▸ **Supplied material**:
►
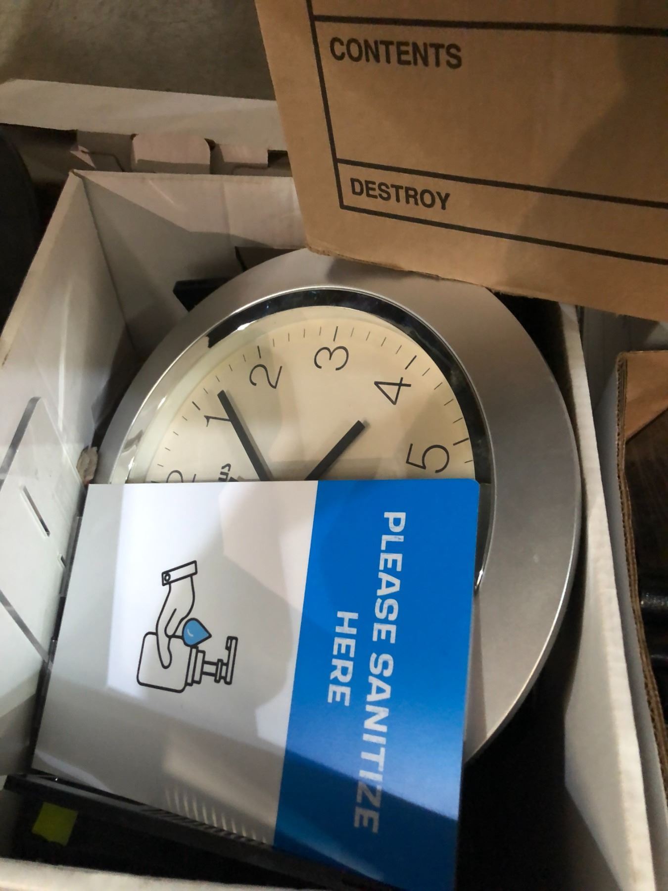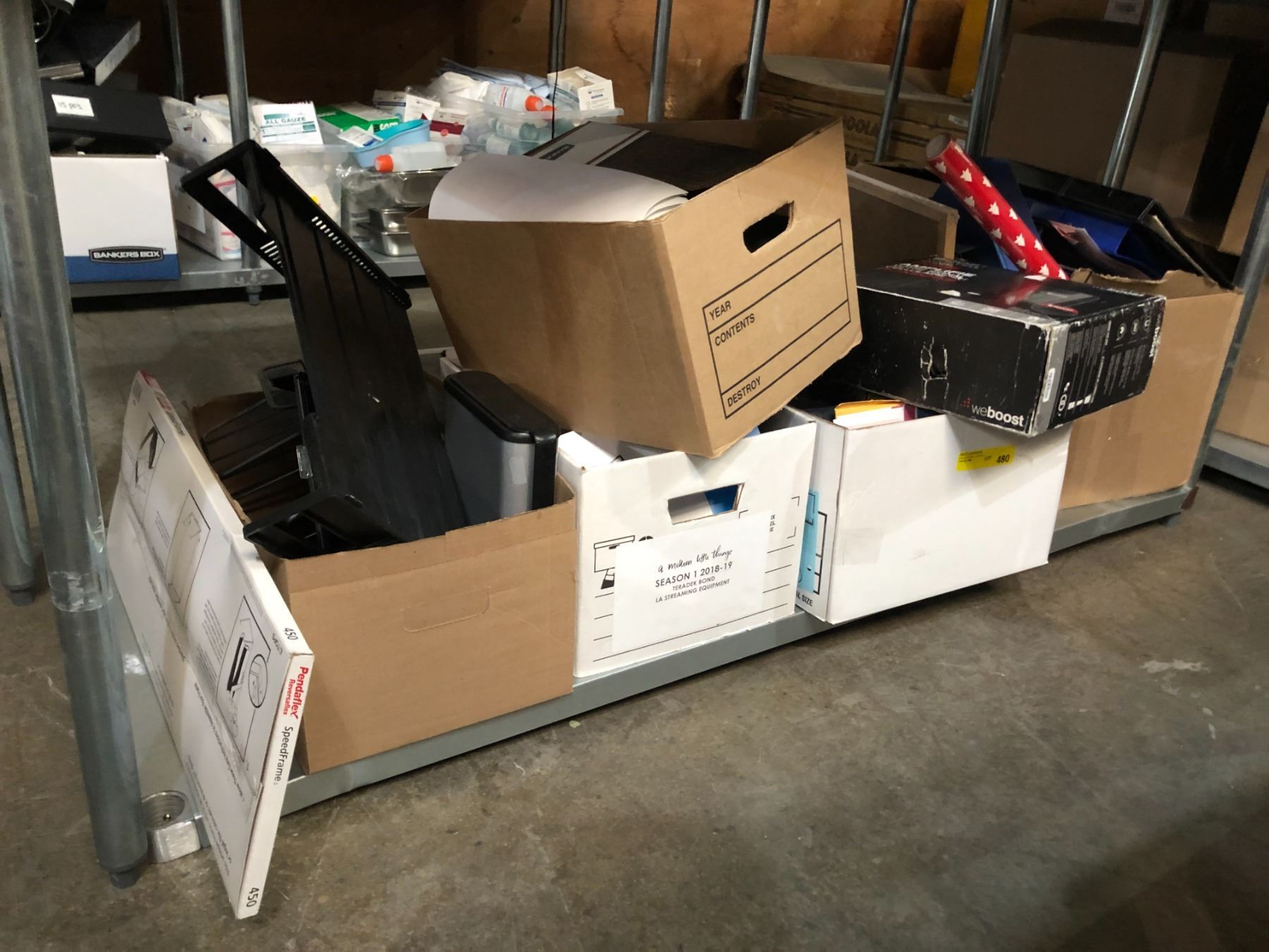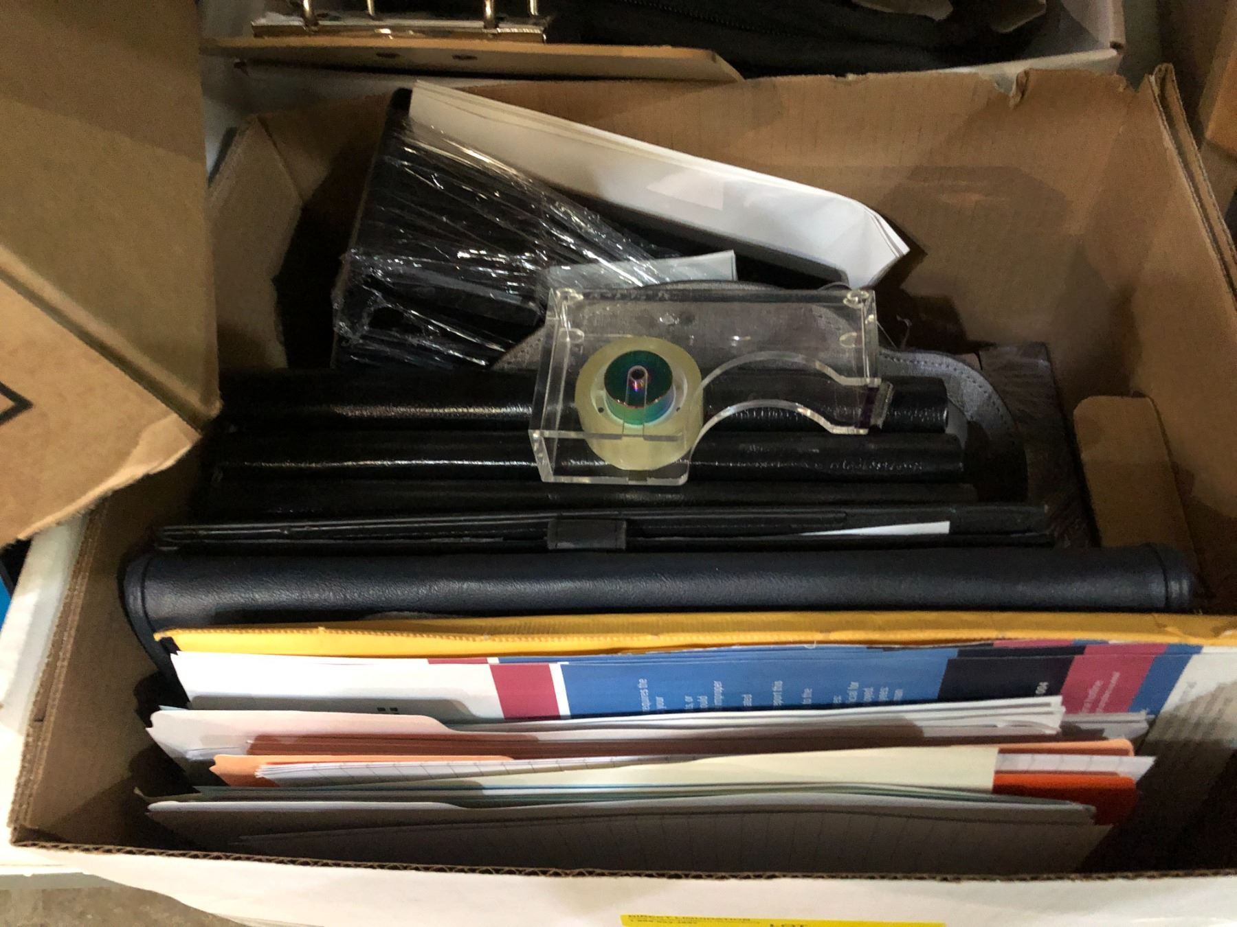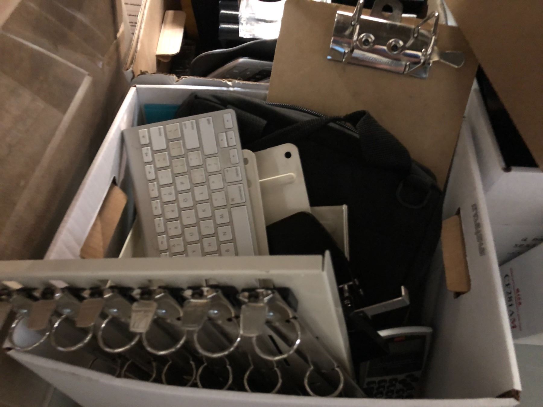 Large group of Misc. Office Items - Includes Staples File holder/File Clip Boards/ Key board/ Office bags/ Clock/Hanging Folder Frame etc.
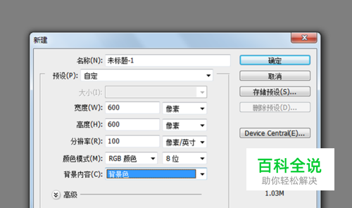 首先启动Photoshop cs5,执行文件-新建命令,新建一个大小为600*600,背景内容为黑色,分辨率为100的文档。
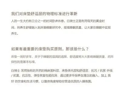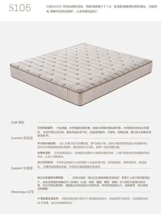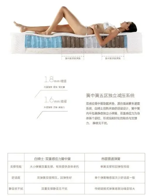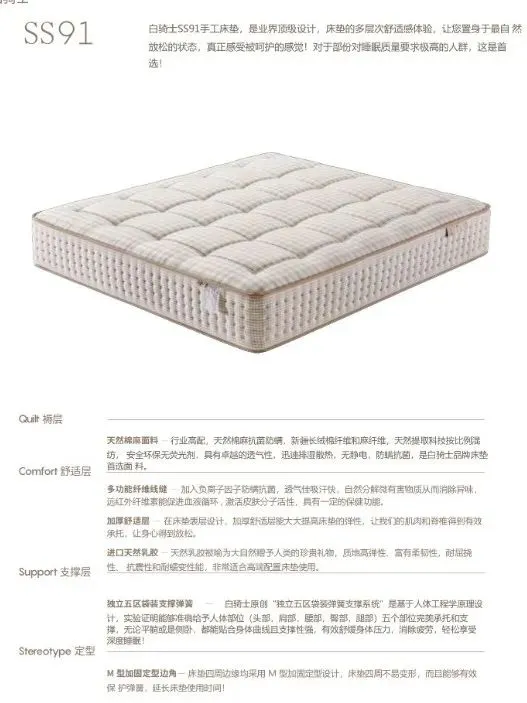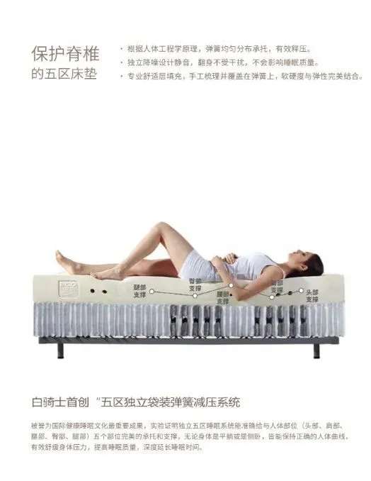 床垫设计是以人体工程学原理和健康睡眠理念为核心,白骑士床垫每一种原材料都必须经过反复研究,严格挑选,每一款床垫的设计确保床垫的安全性,舒适性和实用性!
◄
The data above should be repeated in full and exactly, with no pictures carried over.

 Large group of Misc. Office Items - Includes Staples File holder/File Clip Boards/ Key board/ Office bags/ Clock/Hanging Folder Frame etc.
 首先启动Photoshop cs5,执行文件-新建命令,新建一个大小为600*600,背景内容为黑色,分辨率为100的文档。
 床垫设计是以人体工程学原理和健康睡眠理念为核心,白骑士床垫每一种原材料都必须经过反复研究,严格挑选,每一款床垫的设计确保床垫的安全性,舒适性和实用性!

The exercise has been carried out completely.